Based upon these two studies, TESLASCAN Injection enhanced MRI contrast on the T₁-weighted pulse sequences.Table 2 shows the proportions of patients for whom the imaging diagnosis had complete or essential agreement with the final diagnosis. In both studies TESLASCAN MRI alone and the paired reading of TESLASCAN MRI each had a statistically significant higher extent of agreement with the final diagnosis than did unenhanced MRI.

In the above two studies, 105 individual lesions had histopathologic confirmation. Of these confirmed lesions, the proportion of correctly detected and correctly characterized lesions is shown in Table 3.

In two other studies of patients who received 5 µmol/kg of TESLASCAN, the efficacy of TESLASCAN Injection during delayed imaging was evaluated.In these two studies, 142 adult patients were given TESLASCAN(84 men, 58 women; 77% Caucasian, 15% Black, 4% Asian, 4% other races;mean age 58;range, 24-83 years). TESLASCAN-enhanced images for 140 patients were blindly evaluated for efficacy. TESLASCAN MRI imaging was performed at 15 minutes, 4 hours, and 24 hours after injection.The contrast enhancement results were comparable to those in the above studies and were similar at all time points.

In all four studies, each individual lesions pattern of enhancement was coded as homogeneous, inhomogeneous, central, peripheral thin rim, peripheral thick rim, peripheral linear foci, peripheral nodular, or no enhancement.

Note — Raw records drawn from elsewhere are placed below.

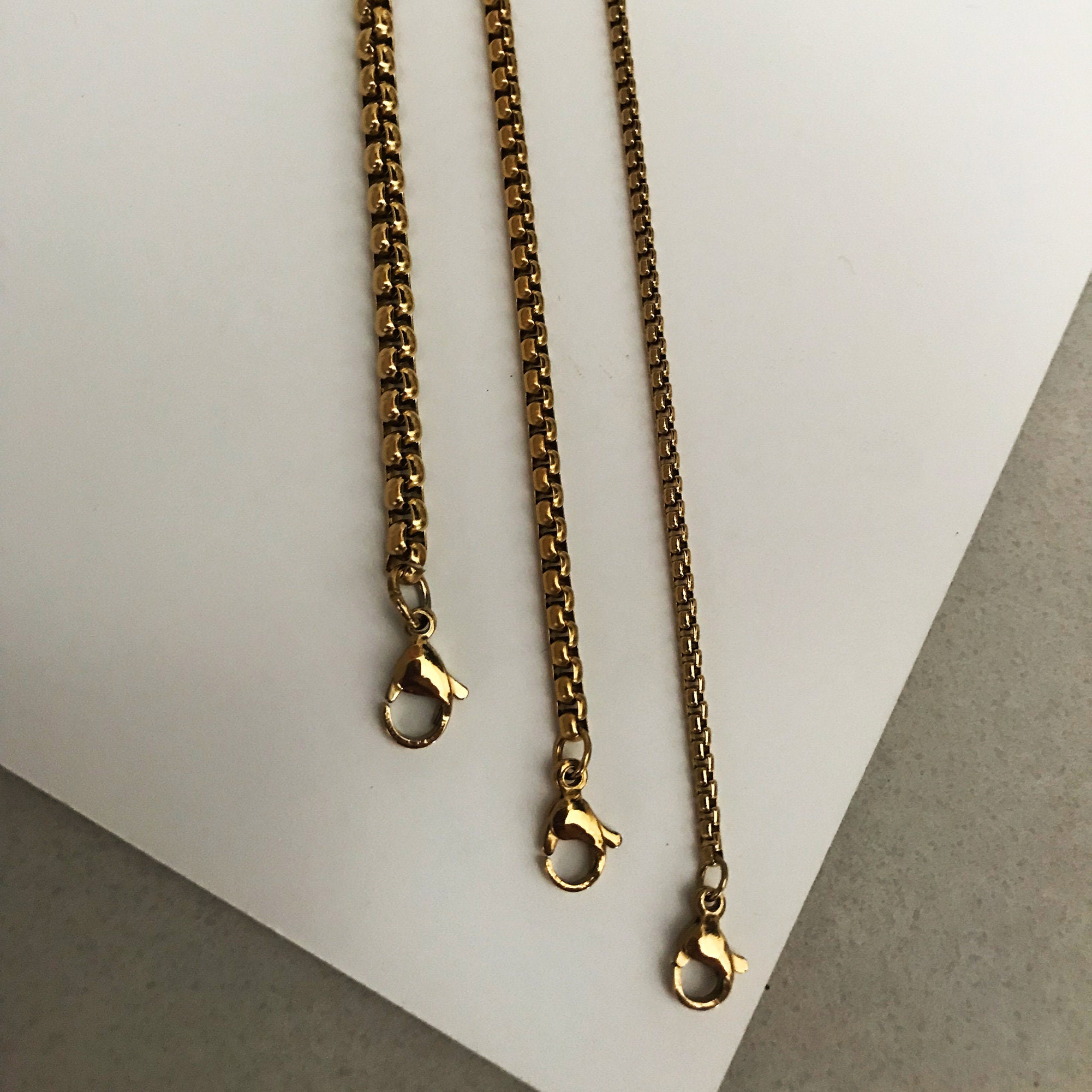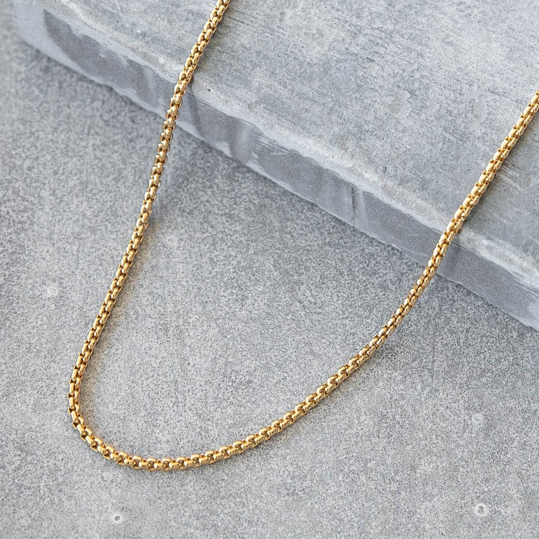 Gold Round Box Chain, Unisex Round Box Chain, Stainless Steel Chain, Gift For Her & Him, Unisex ...
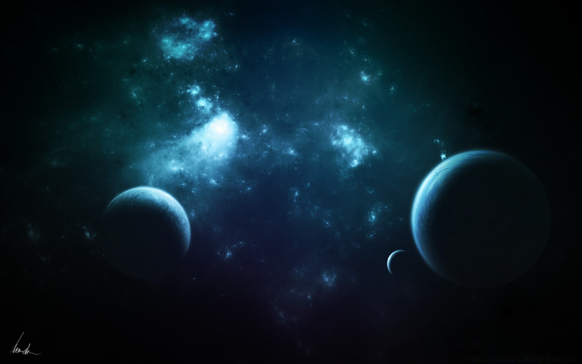 Planeten in einer kosmischen galaxie auf dunklem hintergrundPlaneten in einer kosmischen Galaxie auf dunklem Hintergrund
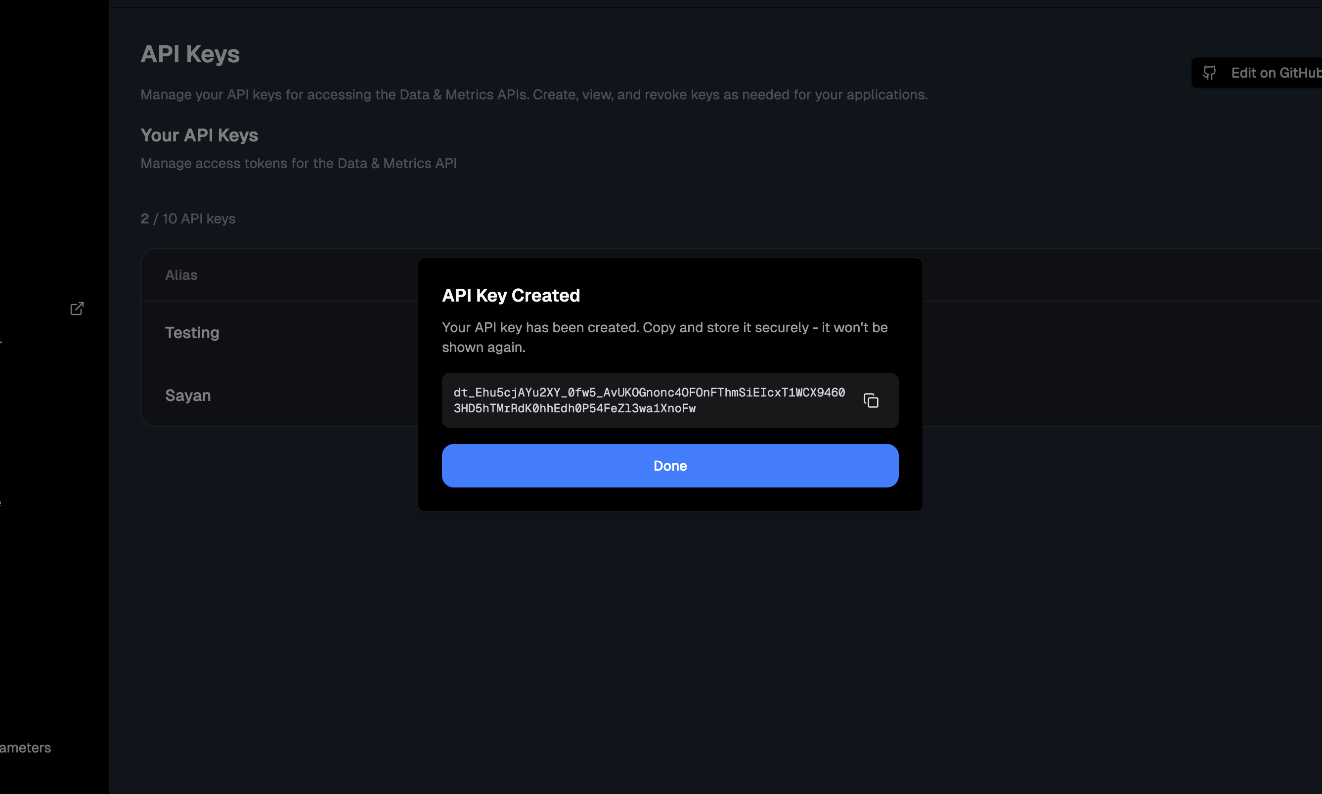 Always keep your API keys in a secure environment. Never expose them in public repositories, such as GitHub, or share them with unauthorized individuals. Compromised API keys can lead to unauthorized access and potential misuse of your account.

For the majority of histopathologically confirmed lesions, the pattern of TESLASCAN enhancement correlated with the hepatocellular disorders (having homogeneous, inhomogeneous, or central enhancement) or with the nonhepatocellular disorders (having peripheral or no enhancement).In the 121 patients who had malignant disease, 58 (47.9%) did not enhance, 20 (16.5%) were inhomogeneous, 15 (12.4%) had a thin peripheral rim, 12 (9.9%) had a thick peripheral rim, 12 (9.9%) were homogeneous and 4 (3.3%) had a variety of other patterns.For the 24 patients with nonmalignant disease, 13 (54%) did not enhance, 8 (33.3%) had homogeneous patterns, and 3 (12%) had a variety of other patterns.Table 4 shows the patterns of enhancement that are seen in patients with histologically confirmed hepatocellular or nonhepatocellular disease.

Malignancy cannot be distinguished by the pattern of enhancement, or by the presence or absence of enhancement.

Patients receiving TESLASCAN should be instructed before injection to:

1.Inform their physician or health care provider if they are pregnant or nursing.(See Precautions - Pregnancy Category C section.)

2.Inform their physician or health care provider if they have a history of renal or hepatic disease or seizure.

3.Inform their physician or health care provider if they have a history of allergic reaction, immune system disorder, or reaction to other radiocontrast drugs.

4.Inform their physician or health care provider if they have abdominal pain, nausea, or vomiting.

1.TESLASCAN Injection has been prescribed for liver enhancement during MRI. 2.TESLASCAN Injection may cause nausea and vomiting.

Please also refer to the WARNINGS and PRECAUTIONS sections.